Member of the Haryana Legislative Assembly
- In office 2019–2024
- Succeeded by: Shyam Singh Rana
- Constituency: Radaur
- In office 2009–2014
- Constituency: Radaur

Personal details
- Born: Bishan Saini 1954 (age 71–72) Radaur, Haryana, India
- Party: Indian National Congress
- Other political affiliations: Indian National Lok Dal

= Bishan Lal Saini =

Indian politician

Bishan Lal Saini (born 1954) is an Indian politician from Haryana. He is a former member of the Haryana Legislative Assembly from Radaur Assembly constituency. He was nominated again to contest the Radaur seat by the Indian National Congress but lost to BJP candidate Shyam Singh Rana by a margin of 13,132 votes.

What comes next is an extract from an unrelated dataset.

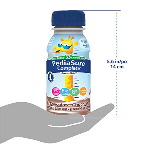 - 33% LESS SUGAR: Nutritional snack for kids, high in protein, with 27 vitamins and minerals. Contains 9 g of protein per serving and 33% less sugar compared to the original PediaSure Complete formulation., KID-APPROVED TASTE: A pediatric shake with a taste kids actually enjoy, recommended for use as part of a healthy diet Perfect toddler snacks for kids who lack variety in their diet, need more nutrients because of poor intake, or active kids who have high-energy expenditures., MOST RECOMMENDED: PediaSure Complete is the nutritional supplement that is chosen by more moms and dads and is a #1 pediatrician-recommended brand., COMPLETE BALANCED NUTRITION: PediaSure supports kids' growth and development Clinically proven to help kids grow: see visible results in just 8 weeks, PediaSure promotes healthy weight gain for kids., DHA: Contains DHA, an Omega-3 fat, that supports the normal physical development of your child's brain and eyes.

== Early life and education ==
Saini was born to Sukh Ram Saini in Radaur, Haryana. He is a graduate in Ayurvedic Medicine and Surgery from Shri Mast Nath Ayurvedic College, Rohtak in 1977 under Maharshi Dayanand University, Rohtak.

== Career ==
Saini wlost the 2024 Haryana Legislative Assembly election. Previously, Saini won the 2019 Haryana Legislative Assembly election representing the Indian National Congress. He polled 54,087 votes and defeated his nearest rival, Karan Dev of the Bharatiya Janata Party, by a margin of 2,541 votes. Earlier, he became an MLA for the first time winning the 2000 Haryana Legislative Assembly election from Jagadhri Assembly constituency representing Bahujan Samaj Party. Later, he won the 2009 Haryana Legislative Assembly election from Radaur Assembly constituency representing the Indian National Lok Dal.